▶ **EXERCISE GOAL**: Reproduce the listing below word for word and exclude any picture.

▶ **DATA PROVIDED**:

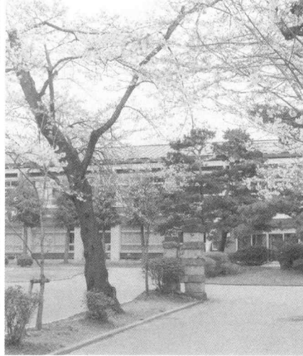
作詞/校歌校章検討委員会 作曲/小田 和正
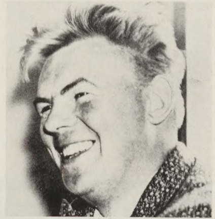
Forfatteren, skolemanden og politikerne Arne Sørensen.
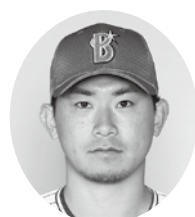
横浜DeNA ベイスターズ いまながしろうた 今永昇太選手

少年野球を始めるきっかけとして、合同体験会を実施します。現役のプロ野球選手がサポートしてくれます。

▶ **EXERCISE ANSWER**:
作詞/校歌校章検討委員会 作曲/小田 和正
Forfatteren, skolemanden og politikerne Arne Sørensen.
横浜DeNA ベイスターズ いまながしろうた 今永昇太選手

少年野球を始めるきっかけとして、合同体験会を実施します。現役のプロ野球選手がサポートしてくれます。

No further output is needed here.